Speculation and debate about the DNA evidence and its potential to identify and exclude suspects continues, but the facts and common sense favor the simplest scenarios. Absent credible evidence to conclude otherwise, the most logical scenario was that the Zodiac purchased and handled paper, stamps, and envelopes used in his communications, that he handled each sheet of paper several times as he wrote, examined, folded, and placed the paper into the envelopes, that he handled the envelopes in this process and licked the envelope flaps, that he handled and then licked the stamps before placing them onto the envelopes and applying pressure with his fingers, that he also handled the envelopes while writing the names and addresses, and that he further handled the envelopes as he transported and then mailed the envelopes. This behavior was perfectly consistent with the behavior of any person writing and mailing letters at that time, and the killer likely left DNA on the letters, stamps, envelopes.

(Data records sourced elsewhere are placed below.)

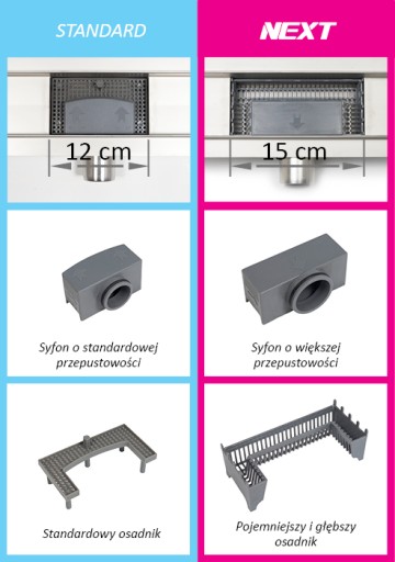 W odpływach liniowych BALNEO z serii NEXT powiększona została stalowa komora do 15 cm w porównaniu z odpływami powszechnie występujących na rynku 12 cm, co pozwoliło na zainstalowanie szerszego syfonu. Rozwiązanie to sprawia, że przepustowość odpływu została zwiększona z 49l /min (STANDARD) do 55l/min (NEXT).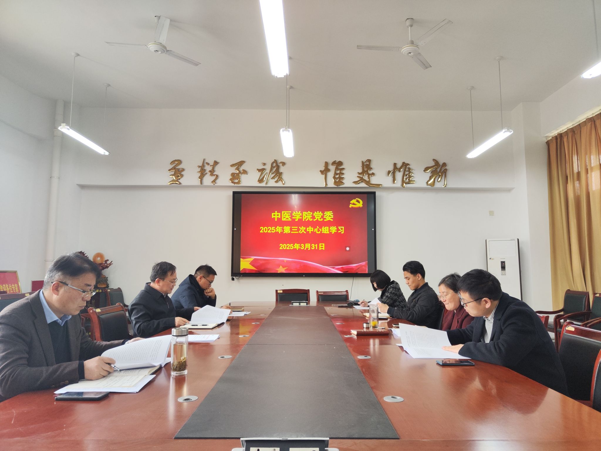 3月31日下午,中医学院党委围绕“统一思想,改革创新,推进中医学院高质量发展”这一主题召开了2025年第三次党委理论学习中心组学习会,学院党政领导、党委委员参加,青年学术骨干郭锦晨、博士生支部书记贾学昭列席,会议由学院党委副书记、院长方向明主持。
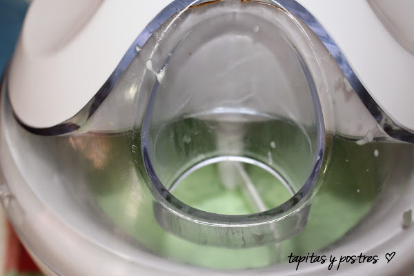 Dejamos que la mezcla se enfríe en la nevera unas horas antes de meterlo en la heladera. Si no usáis la heladera, lo podeis poner en un táper y al congelador.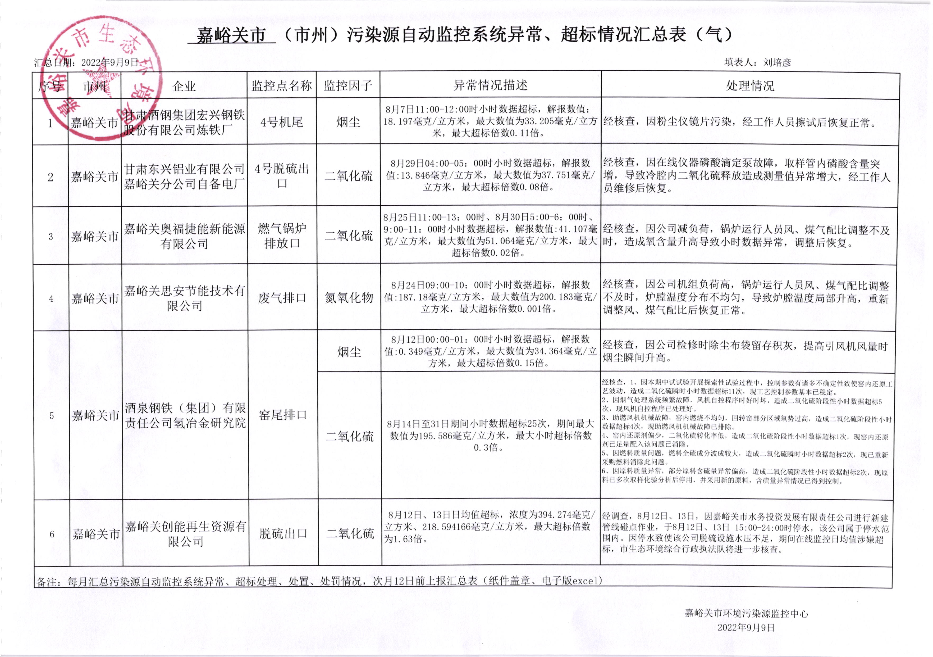 嘉峪关市污染源自动监控系统异常、超标情况汇总表(气)8月
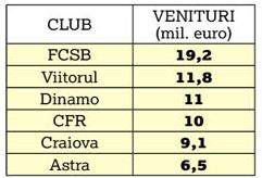 Campioana Ligii 1 anul trecut a fost Viitorul. Surpriza imensă realizată de echipa de la malul Mării i-a adus clubului lui Hagi un profit impresionant la finalul lui 2017. Veniturile au fost cu 3,5 milioane de euro mai mari decât cheltuielile. Excedentul e unul realmente imens fiindcă veniturile nu au fost nici măcar la nivelul celor de la FCSB.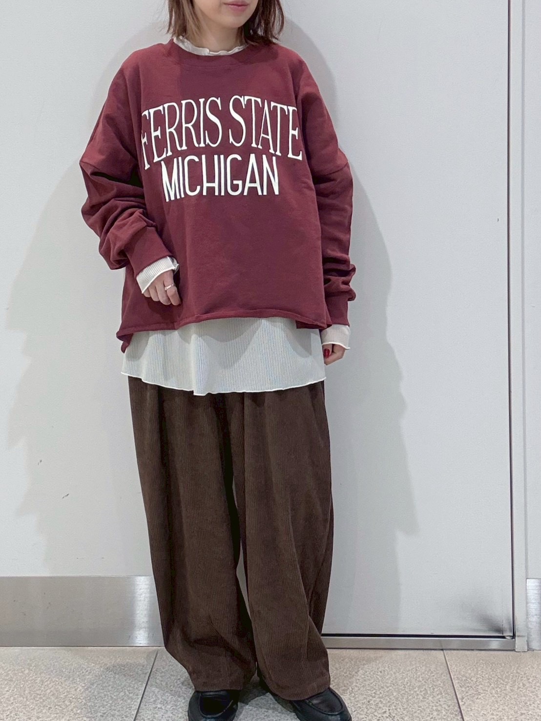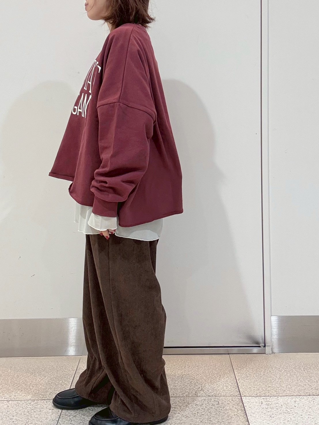 中に合わせたのは、ロゴが可愛い裾切りっぱなしトレーナーにコクーン型が新鮮なポリコールパンツ。

The possibility exists that a postal worker left DNA on the Zodiac communications during brief and limited contact with the items but the most logical explanation was that DNA was most likely left by the killer as he handled the items over an extended period of time. Claims that DNA found on suspected Zodiac communications must be contaminated or unreliable do not constitute credible evidence or good reason to assume that the DNA does not belong to the Zodiac.
DNA may prove to be the most crucial evidence in the decades-long hunt for the Zodiac killer, and the debate surrounding the search for “Zodiac DNA” will most likely continue until the killer is finally identified.